There's two kinds of sampling here, time sampling and spatial sampling, since the string equation is a PDE. I cannot read German, so I cannot understand your article. I will be presenting the discussion from the book, Physical Audio Signal Processing.
The ideal string PDE is $Ky'' = \epsilon\ddot{y}$,
where $K$ is the string tension, $\epsilon$ is the mass density and $y$ is the string displacement.

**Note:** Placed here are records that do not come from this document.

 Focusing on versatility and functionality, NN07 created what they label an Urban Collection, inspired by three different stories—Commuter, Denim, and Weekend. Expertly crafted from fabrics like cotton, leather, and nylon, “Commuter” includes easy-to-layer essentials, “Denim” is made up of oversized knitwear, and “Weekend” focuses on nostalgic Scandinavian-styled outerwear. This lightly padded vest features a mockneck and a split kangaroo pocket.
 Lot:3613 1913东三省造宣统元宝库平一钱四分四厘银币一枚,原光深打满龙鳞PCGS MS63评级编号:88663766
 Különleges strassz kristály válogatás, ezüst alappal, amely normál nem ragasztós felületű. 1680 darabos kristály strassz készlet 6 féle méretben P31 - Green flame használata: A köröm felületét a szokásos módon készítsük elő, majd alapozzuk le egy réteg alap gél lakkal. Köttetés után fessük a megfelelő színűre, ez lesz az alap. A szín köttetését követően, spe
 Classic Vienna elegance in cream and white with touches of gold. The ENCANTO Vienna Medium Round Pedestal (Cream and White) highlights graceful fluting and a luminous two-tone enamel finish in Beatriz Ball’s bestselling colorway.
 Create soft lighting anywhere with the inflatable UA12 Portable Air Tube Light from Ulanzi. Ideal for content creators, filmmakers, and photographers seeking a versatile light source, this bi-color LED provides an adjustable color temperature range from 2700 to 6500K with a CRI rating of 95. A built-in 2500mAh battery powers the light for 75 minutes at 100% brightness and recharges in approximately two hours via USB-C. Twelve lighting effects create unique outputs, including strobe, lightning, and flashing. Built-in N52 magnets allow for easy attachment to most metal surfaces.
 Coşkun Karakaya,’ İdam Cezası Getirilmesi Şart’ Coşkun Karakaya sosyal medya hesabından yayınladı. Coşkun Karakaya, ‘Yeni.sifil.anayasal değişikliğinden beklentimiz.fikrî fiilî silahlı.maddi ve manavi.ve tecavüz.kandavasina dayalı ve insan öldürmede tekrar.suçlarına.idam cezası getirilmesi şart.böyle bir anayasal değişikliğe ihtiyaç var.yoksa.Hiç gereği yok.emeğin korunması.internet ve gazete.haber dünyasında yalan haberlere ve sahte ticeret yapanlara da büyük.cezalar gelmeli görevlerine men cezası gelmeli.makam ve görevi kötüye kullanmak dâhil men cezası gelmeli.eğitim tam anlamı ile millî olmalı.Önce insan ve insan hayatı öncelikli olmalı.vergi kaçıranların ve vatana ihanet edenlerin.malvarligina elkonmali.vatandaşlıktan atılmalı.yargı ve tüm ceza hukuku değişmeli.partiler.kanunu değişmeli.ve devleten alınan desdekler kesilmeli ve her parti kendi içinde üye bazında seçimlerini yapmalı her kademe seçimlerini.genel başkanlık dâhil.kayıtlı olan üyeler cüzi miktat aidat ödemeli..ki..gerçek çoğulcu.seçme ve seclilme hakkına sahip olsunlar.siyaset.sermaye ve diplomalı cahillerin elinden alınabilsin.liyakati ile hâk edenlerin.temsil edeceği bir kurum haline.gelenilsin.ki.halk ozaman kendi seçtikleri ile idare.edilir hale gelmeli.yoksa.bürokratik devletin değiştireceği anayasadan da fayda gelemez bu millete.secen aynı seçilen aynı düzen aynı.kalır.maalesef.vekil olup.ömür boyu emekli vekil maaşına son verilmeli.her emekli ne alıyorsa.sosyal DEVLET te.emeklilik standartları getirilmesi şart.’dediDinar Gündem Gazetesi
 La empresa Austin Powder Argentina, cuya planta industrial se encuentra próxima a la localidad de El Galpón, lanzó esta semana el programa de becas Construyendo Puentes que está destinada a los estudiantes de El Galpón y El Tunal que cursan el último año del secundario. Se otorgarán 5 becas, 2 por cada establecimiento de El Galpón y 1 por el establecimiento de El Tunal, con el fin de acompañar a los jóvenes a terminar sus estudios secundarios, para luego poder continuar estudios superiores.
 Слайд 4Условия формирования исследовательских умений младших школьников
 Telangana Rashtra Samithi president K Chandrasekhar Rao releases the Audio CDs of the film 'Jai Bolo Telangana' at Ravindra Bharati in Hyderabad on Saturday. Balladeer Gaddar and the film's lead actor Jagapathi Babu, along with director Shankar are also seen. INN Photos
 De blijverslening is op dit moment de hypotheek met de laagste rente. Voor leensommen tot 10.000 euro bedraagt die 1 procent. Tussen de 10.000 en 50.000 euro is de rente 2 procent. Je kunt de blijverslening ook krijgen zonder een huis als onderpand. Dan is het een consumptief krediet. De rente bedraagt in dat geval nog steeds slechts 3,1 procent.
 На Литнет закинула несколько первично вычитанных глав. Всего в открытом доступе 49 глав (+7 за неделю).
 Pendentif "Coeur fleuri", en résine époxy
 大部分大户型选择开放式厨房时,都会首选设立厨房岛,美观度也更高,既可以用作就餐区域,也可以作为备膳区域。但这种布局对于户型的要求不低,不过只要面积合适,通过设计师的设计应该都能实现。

Now if you use the FDTD method to solve this differential equation, the first and second order partial derivatives are
$$y'(t,x) = \frac{y(t,x+X) - y(t,x)}{X} \\
y''(t,x) = \frac {y(t,x+X) - 2y(t,x) + y(t, x-X)}{X^2} \\
\dot{y}(t,x) = \frac{y(t+T,x) - y(t,x)}{T} \\
\ddot{y}(t,x) = \frac{y(t+T,x) - 2y(t,x) + y(t-T,x)}{T^2}
$$
Here, $T$ is the time-domain sampling rate, and it can be chosen according to Keegs' answer, i.e., twice the frequency of the highest frequency string harmonic. To model all audible string modes, choose $T = \frac{1}{44,100}$s. $X = cT$ is the spatial sampling rate. Here $c = \sqrt{K/\epsilon}$ is the speed of sound.
Now, using $t = nT$ and $x = mX$, and using $c^2 y'' = \ddot{y}$, we have
$$c^2 \frac{y(nT, mX+X) - 2y(nT, mX) + y(nT, mX-X)}{X^2} = \frac{y(nT+T,mX) - 2y(nT,mX)+y(nT-T,mX)}{T^2} \\
c^2\frac{y(n,m+1) - 2y(n,m) + y(n,m-1)}{c^2 T^2} = \frac{y(n+1,m) - 2y(n,m) + y(n-1,m)}{T^2} \\
y(n, m+1) = y(n+1,m) + y(n-1,m) - y(n,m-1)
$$
We can solve this iteratively using some initial and boundary conditions, such as $y(t,0) = 0, y(0,x) = $ triangle function etc.